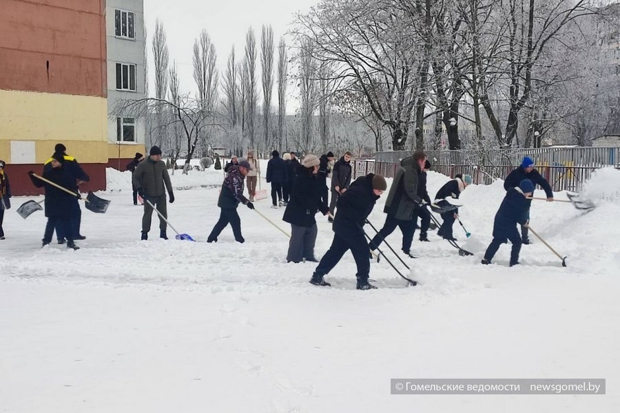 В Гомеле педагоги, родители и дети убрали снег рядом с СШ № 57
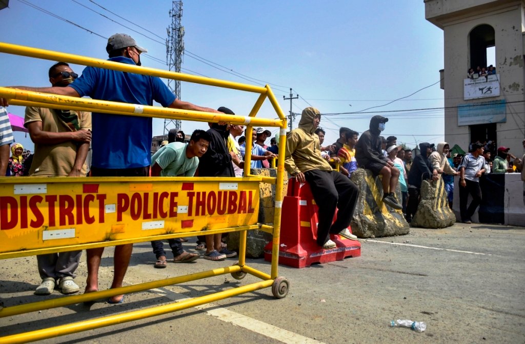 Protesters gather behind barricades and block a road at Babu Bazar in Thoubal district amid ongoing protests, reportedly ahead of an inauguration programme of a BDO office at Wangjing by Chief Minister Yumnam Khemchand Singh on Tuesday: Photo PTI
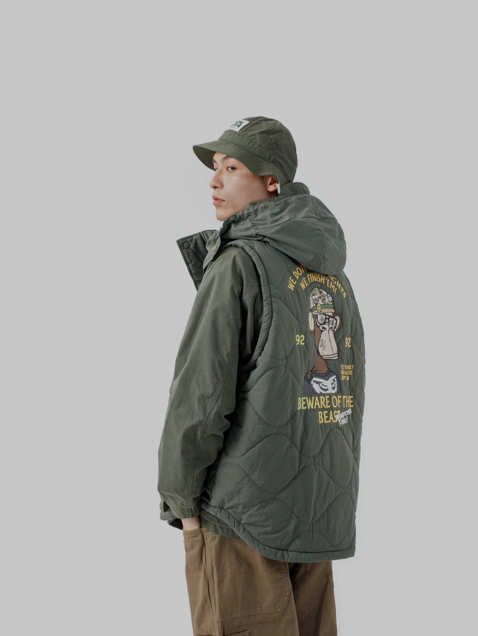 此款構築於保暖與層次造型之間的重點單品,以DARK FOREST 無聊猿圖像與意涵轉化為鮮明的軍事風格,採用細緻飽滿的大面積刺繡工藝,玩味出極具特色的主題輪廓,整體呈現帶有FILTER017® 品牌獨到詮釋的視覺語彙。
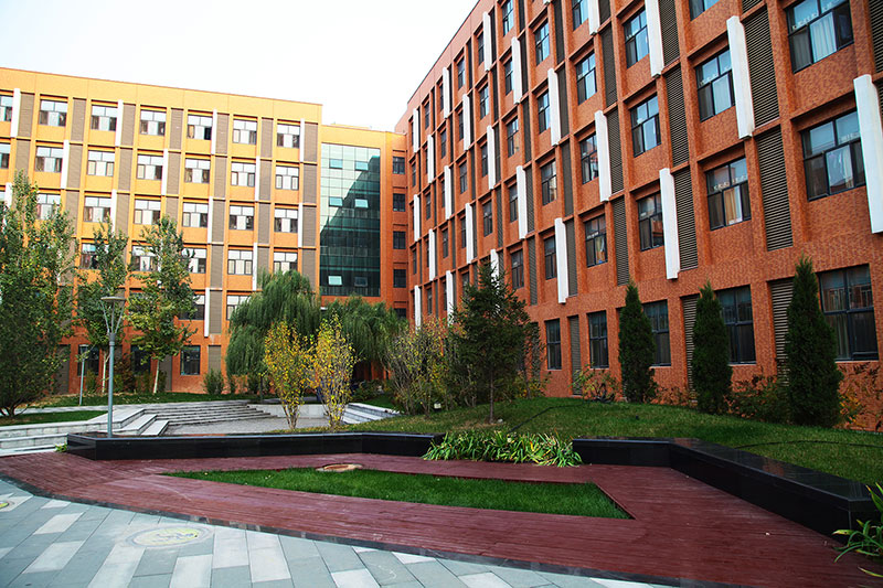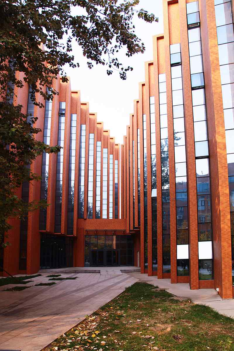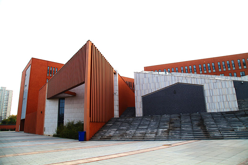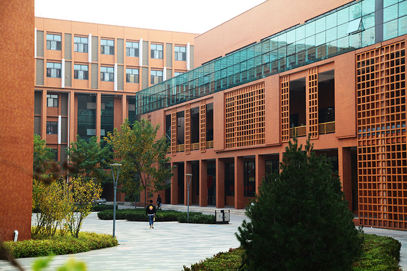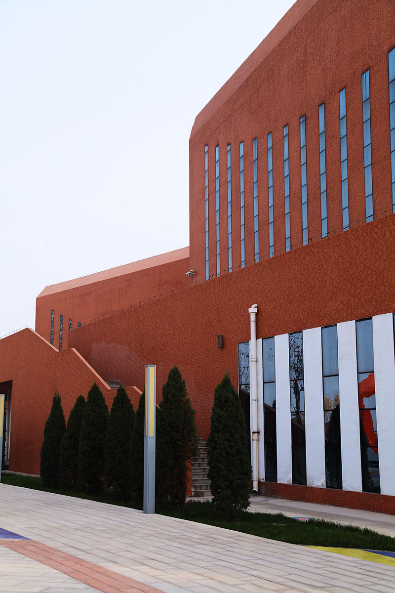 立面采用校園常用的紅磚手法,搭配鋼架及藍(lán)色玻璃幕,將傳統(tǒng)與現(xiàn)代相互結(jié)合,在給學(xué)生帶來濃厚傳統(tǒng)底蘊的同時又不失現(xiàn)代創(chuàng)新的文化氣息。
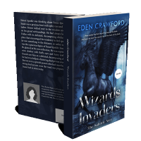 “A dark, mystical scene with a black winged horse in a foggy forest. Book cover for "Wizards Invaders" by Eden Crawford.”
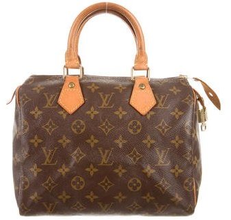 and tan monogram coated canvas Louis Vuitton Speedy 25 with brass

### THE PROBLEM
Make an exact copy of the lines from the top of the material through the line with "Protesters gather behind", pictures excluded.

### PROBLEM SOLUTION
 В Гомеле педагоги, родители и дети убрали снег рядом с СШ № 57
 Protesters gather behind barricades and block a road at Babu Bazar in Thoubal district amid ongoing protests, reportedly ahead of an inauguration programme of a BDO office at Wangjing by Chief Minister Yumnam Khemchand Singh on Tuesday: Photo PTI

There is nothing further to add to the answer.